I needed to touch her, to find her.
But her back hit the door. “For five years, Rollin, I grieved your loss. In my heart, and in this body, I felt the same agony as if you had died, unable to share my pain with anyone. It wasn’t true. Your letters kept coming, confirming you were alive.”
I tried to approach her again, hoping to kiss such honesty away. She only allowed me to stand in front of her in the dark, listening to her voice swell.
She said, “I’ve breathed without you for too long, living a separate life. I won’t live any longer without love. God knows I want you, but this love cannot live without trust.”
She took my hands, so I could feel her callouses. She confessed, “I’ve counted our days apart, like so many seeds of wheat chaff.”
She let me bring the rough edges of her fingers to my lips. “All alone, I’ve raised our child. Her joy is mine. Her smiles look like yours.”
I knelt at her feet and touched my lips to her womb.
“I’ve cried enough tears, slipping over steep rocks made slippery and smooth by pools I filled myself.”
Her words brought tears to my eyes when I raised and kissed hers.
But after, my every attempt at intimacy met with another turn, a withdrawal.
“Yes,” she said, her voice rising in anger. “I found the underworld and paid the ferryman enough. You’ve written letter after letter to me about your pain. You’ve inflicted it all on yourself. But know, you’re not the only one who’s suffered trials.”
I stumbled backward into the nightstand.
To keep her, if she would stay, I couldn’t leave us in the dark any longer. I fumbled with the light. I hunched over the nightstand. It blinded me. Naked, bare to her, I whispered, “I can’t show you my secrets because I inherited them. They’re here. Inside.” I raised my voice. “You want to know what secrets I’ve kept from you?” I opened the drawer of the nightstand and pulled out an empty whiskey bottle and sat it next to the light. Guilt reached in again and slammed another, half-full, against the wood.
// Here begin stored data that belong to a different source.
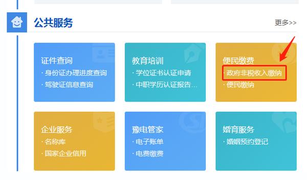 2.河南政务服务网首页“公共服务”一栏选择“便民缴费”“政府非税收入缴纳”。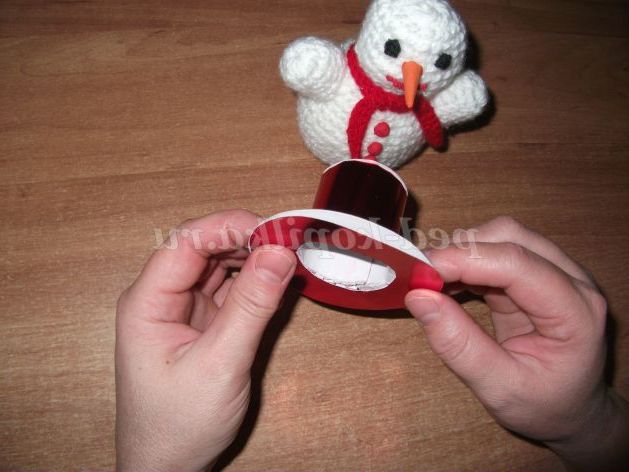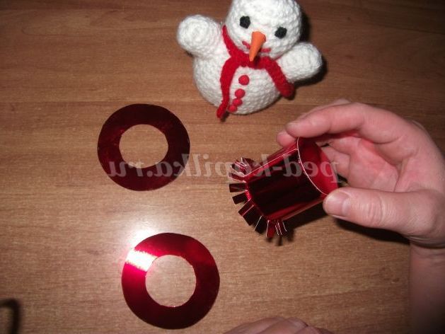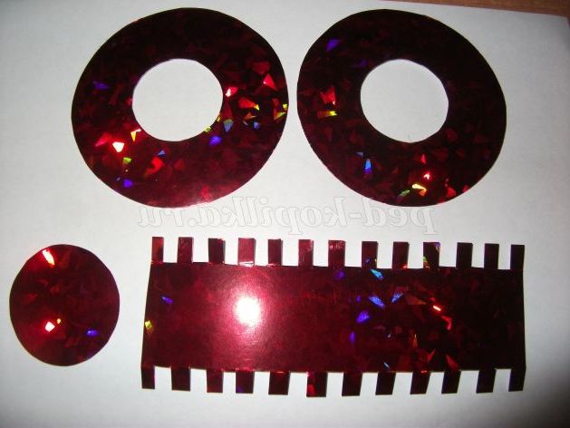Приступаємо до виготовлення капелюхи для нашого «Сніговика». Нам знадобиться голографічний картон червоного кольору. Вирізаємо з картону круг - дно капелюхи, діаметр - ; прямокутник довжиною 16 см, шириною - 6см, - циліндр капелюхи; два однакових по діаметру, великих кола , в середині попередньо вирізавши маленький коло - «поля» капелюхи.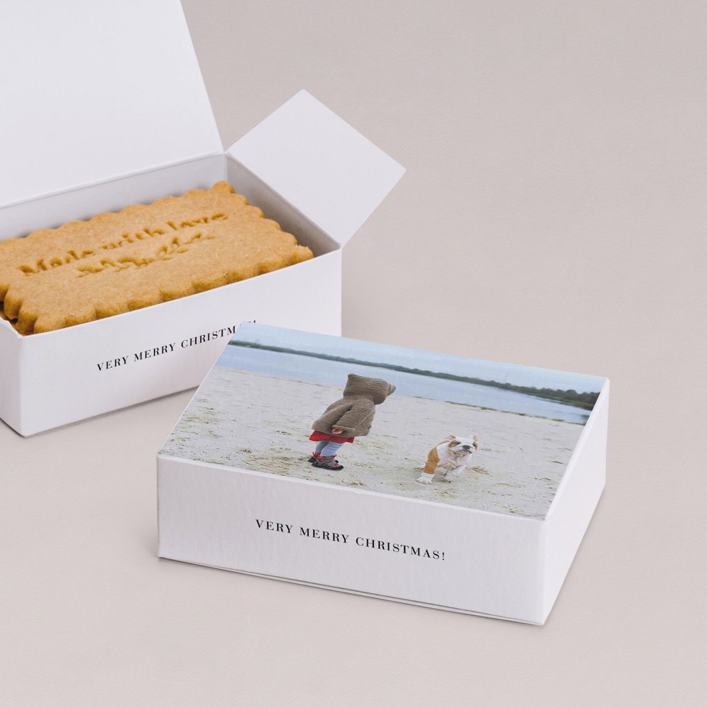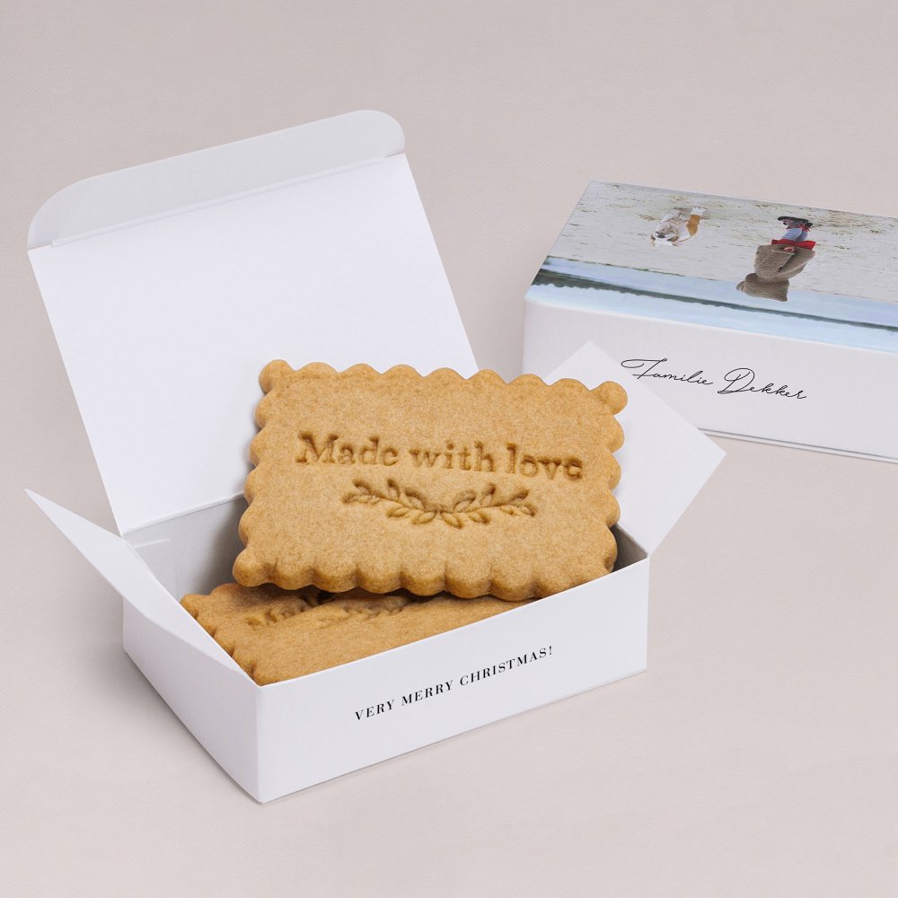 De koekjesdoos is speciaal ontworpen en gemaakt om jullie familie en vrienden te verrassen met een smakelijk cadeautje! Personaliseer het doosje met een lief berichtje, foto of jullie namen.
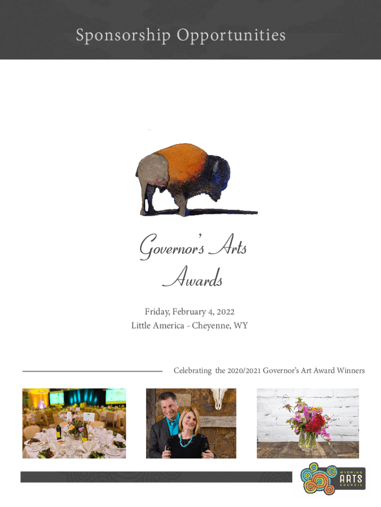 Sponsorship OpportunitiesGovernors Arts Awards Friday, February 4, 2022, Little America Cheyenne, Celebrating the 2020/2021 Governors Art Award Winners attends the Governors Arts Awards? The Governors

She said nothing. She waited.
I looked toward her over my shoulder. “My secret is that I’ve failed at everything I’ve ever tried. I couldn’t support my mother and siblings; I was too young and too angry. I hated practicing law; I’m nothing like my father. I didn’t finish his intentions; Kell’s dead, but Ross is still alive. There wasn’t enough money in gold; there has never been enough money. I can write, but my book was stolen. I’m banished Cherokee, Lizzie, separated from my family, from you, from my people. I’ve authored my own tragedy. So, tell me what you want me to do, but don’t say I’m too late to love you. That’s the one thing I will never fail to do.”
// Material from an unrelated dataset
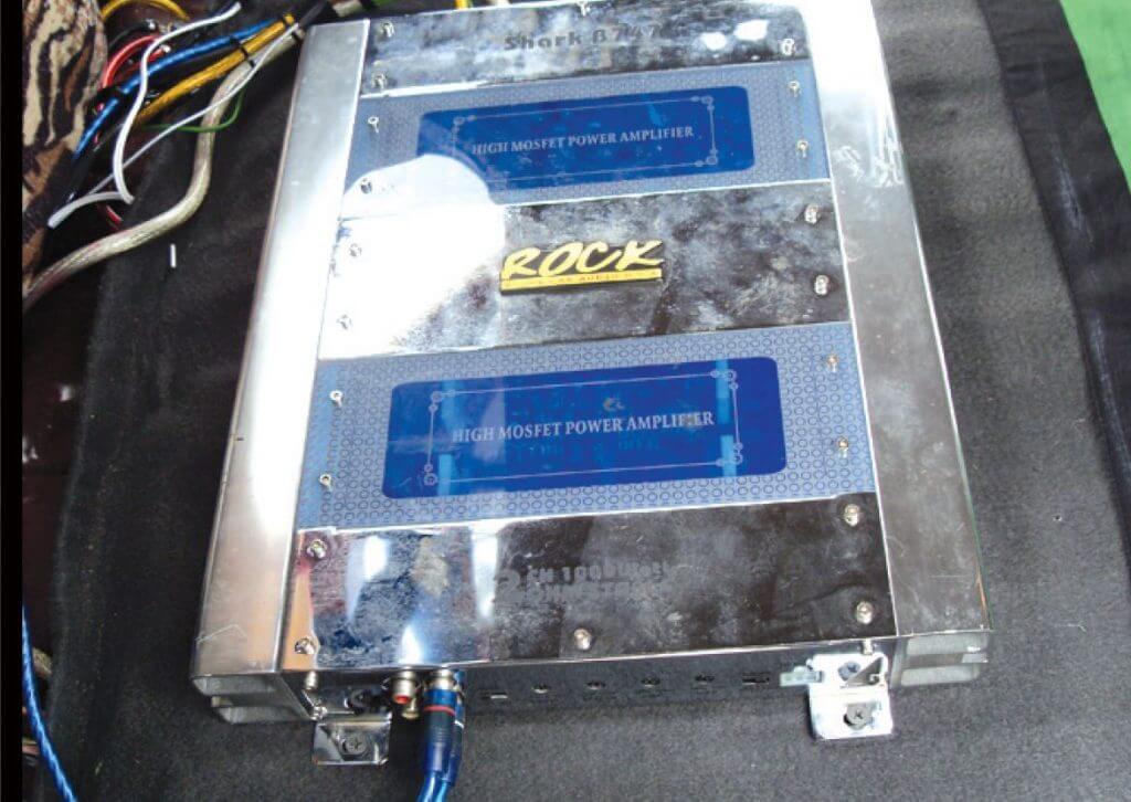 Sebagai sumber bekalan tenaga, Murali telah menggunakan dua buah unit amplifier 2 channel Different Audio untuk dua biji woofer tadi. Setiap satu unit amplifier ini bertanggungjawab memacu sebiji woofer. Manakala sebuah unit amplifier 2 channel Rock Power Audio U.S.A model Shark B747 digunakan untuk memberikan tenaga kepada kesemua mid bass dan 4 biji tweeter. Pasti anda keliru kerana hanya dapat melihat 2 biji tweeter di bahagian belakang. Ini kerana, dua biji lagi tweeter jenis dome tweeter telah dipasang di bahagian dalam kereta bagi memastikan keseimbangan bunyi yang dihasilkan.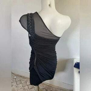 Bebe One Shoulder Black Mini Dress Bodycon Chain Cocktail Little Black Dress 046

She knelt among the pile of clothes and found her handbag, pulling Joaquín’s story from her bag.
She stood, flipping through pages, and walked toward the light and me. She read my words.
“She knew the secret history of his soul, his sufferings, and his struggles with an evil fate, and the long agony which rent up by the roots the original honesty of his high-born nature. More than this, he had told her that he would soon finish his dangerous career, when having completed his revenge, and having accumulated an equivalent for the fortune of which he had been robbed by the Americans, he would retire into a peaceful portion of the state, build him a pleasant home, and live alone for love and her. She believed him, for he spoke truly of his intentions… It mattered not how the world regarded him, to her, he was all that is noble, generous, and beautiful.”6
Lizzie dropped the book to the floor. She turned my face, so I could see her eyes. “Look at me. Rollin, I’ll stay. I can see all of you now.”